··· Collected material
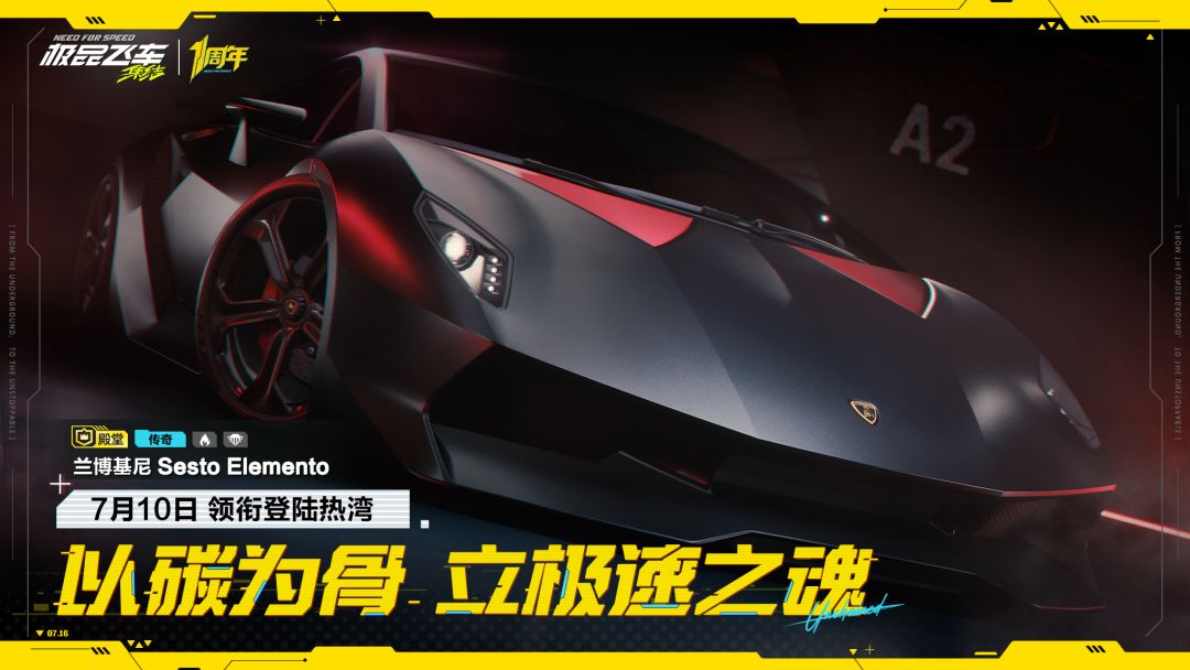 7月10日,殿堂传奇-燃油跑车组&经典情怀组-兰博基尼Sesto Elemento即将领衔登陆热湾。以碳为骨,立极速之魂,这辆终极豪华座驾将为街头赛车手们带来极致的驾驶体验!
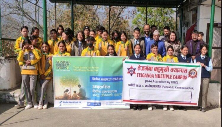 काठमाडौं । सिन्धु विकास बैंक लिमिटेडको आयोजनामा तेजगंगा बहुमुखी क्याम्पसमा वित्तीय साक्षरता कार्यक्रम भएको छ । बैंकको वार्षिक कार्ययोजना तथा विश्व वित्तीय सप्ताह २०२५, अन्तर्गत शाखा कार्यालय पनौती काभ्रेको आयोजनामा वित्तीय साक्षरता कार्यक्रम आयोजना गरिएको हो ।
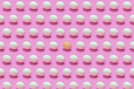 Brown egg surrounded by white eggs. Individuality and difference concept.
······
With the pictures set aside, return each line of the listing exactly as given.

## Response to the exercise
 7月10日,殿堂传奇-燃油跑车组&经典情怀组-兰博基尼Sesto Elemento即将领衔登陆热湾。以碳为骨,立极速之魂,这辆终极豪华座驾将为街头赛车手们带来极致的驾驶体验!
 काठमाडौं । सिन्धु विकास बैंक लिमिटेडको आयोजनामा तेजगंगा बहुमुखी क्याम्पसमा वित्तीय साक्षरता कार्यक्रम भएको छ । बैंकको वार्षिक कार्ययोजना तथा विश्व वित्तीय सप्ताह २०२५, अन्तर्गत शाखा कार्यालय पनौती काभ्रेको आयोजनामा वित्तीय साक्षरता कार्यक्रम आयोजना गरिएको हो ।
 Brown egg surrounded by white eggs. Individuality and difference concept.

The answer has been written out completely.